When you sign up, you’ll need to self-certify that you’re an accredited investor and let the platform know how you qualify. Each time you invest, you will need to re-confirm your status.
Another site that lets you get in on commercial real estate deals is Realty Mogul, which invests in just one out of 100 projects offered to them. They’ve paid out more than $136 million to investors.
Your investment options with Realty Mogul include Real Estate Investment Trusts (REITS), individual properties, and 1031 exchanges.
There are minimums for these options, such as a $5,000 minimum for REITS.
Venture capital or private equity funds
If you become a particularly wealthy accredited investor, you may be able to be part of a venture capital firm or a private equity fund. These groups invest in private companies at the beginning stages with the goal of hitting a home run when a company eventually sells or goes public.
There is no formal process or procedure through which one can become an accredited investor. There is no application, form-filling, or registration process for obtaining this coveted status. Nor is there any certification that can elevate one to this status.
However, sellers of unregistered securities can take different measures to validate individuals and entities as accredited investors.
Earning accredited investor status
Business entities and individuals who want to earn an accredited investor status should first approach issuers of unregistered securities. The issuers will then ask the applicant, via a questionnaire, relevant questions to determine whether the applicant will qualify.
Different attachments may need to be included to fully answer the questionnaire, such as a balance sheet, financial statements, and account information. This list may also include documents like payslips, W2 forms, tax returns, and even letters issued by advisors, investment brokers, tax attorneys, and CPAs. The issuer may review the credit report of the individual as well.
Consider a person who earns $150,000 per year, and has for the past three years. This individual also reports a primary residence with a value of $1 million together with a mortgage worth $200,000.
This individual also possesses a savings account worth $450,000, a 401(k) account worth $500,000, a loan with an outstanding amount of $50,000, and a car valued at $100,000.
This person falls short on the income test. However, based on the net worth, this person will qualify as an accredited investor.
Note the fact that the value of primary residence cannot be included in the net worth, which is calculated as assets minus liabilities. The value of a car may, however, be included.

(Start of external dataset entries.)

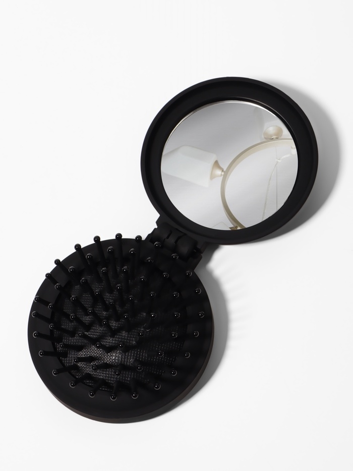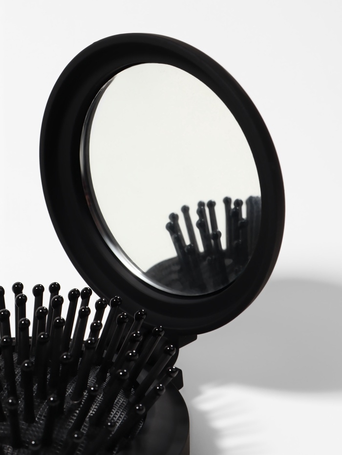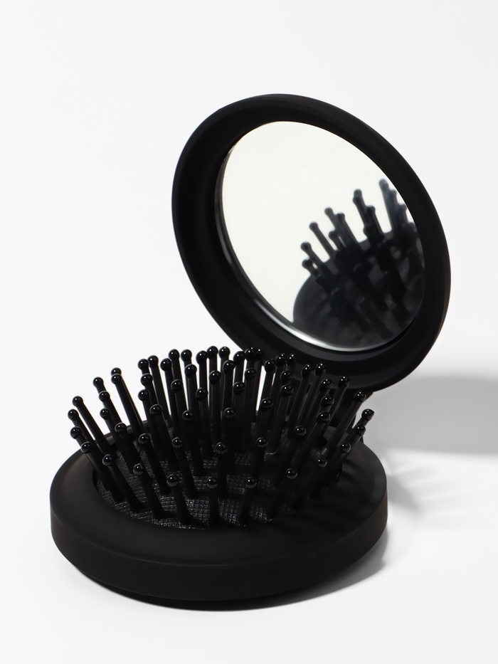 Расчёска массажная «Классика», складная, с зеркалом, 7×2.5 см, матовая, чёрная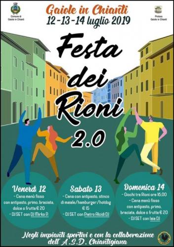 Rioni in festa a Gaiole da Venerdì 12 a Domenica 14 Luglio. La Festa dei Rioni, dopo il successo della passata edizione, torna anche quest’anno con un ricco fine settimana di iniziative. Giochi di piazza, degustazione di vini e prodotti tipici locali, prodotti dell'artigianato e musica e balli per tutti.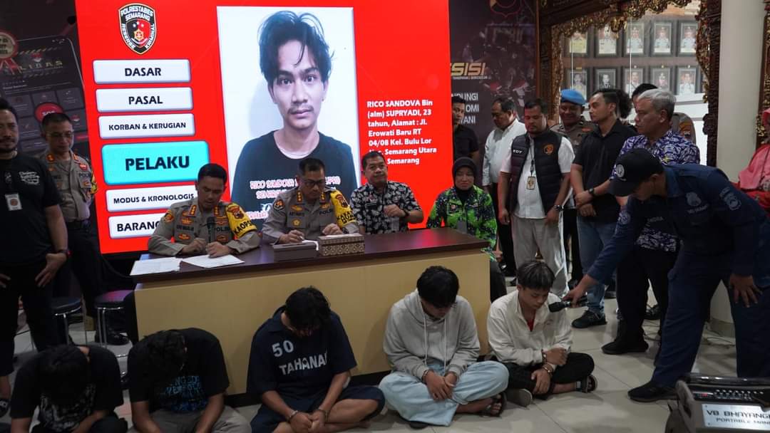 “Setelah kejadian Selasa dini hari itu, kami langsung bergerak penyelidikan dan perburuan. Hasil sementara, seperti yang kita lihat ada enam pelaku yang sudah kita amankan,” Ujar kapolrestabes Semarang

This individual’s net worth stands at precisely $1 million. The assets add up to $1,050,000 ($100,000 + $500,000 + $450,000). The liabilities include the car loan, which has an outstanding amount of $50,000.
Therefore, net worth = total assets – total liabilities = $1,050,000 – $50,000 = $1,000,000.
The SEC has formulated rigorous criteria for people to qualify as accredited investors. Since these investors can make risky investments in unregistered securities, the SEC has publicized regulations so only financially-savvy and knowledgeable people can execute these high-risk/high-return deals.
Financial regulations aside, you should personally evaluate your own investment knowledge and experience.
Do you have an in-depth understanding of the stock market?
Are you aware of the risks and rewards involved in venture capital, hedge funds, and private equity funds?
How big is your portfolio, and how high are the returns?
Does your portfolio performance reflect intelligent investment decisions?
High-risk investments and unregistered securities are not for everyone since they require sound financial judgment. If you are confident that you have a comprehensive understanding regarding the investment avenues mentioned above, then you should approach issuers of unregistered securities you consider worthwhile.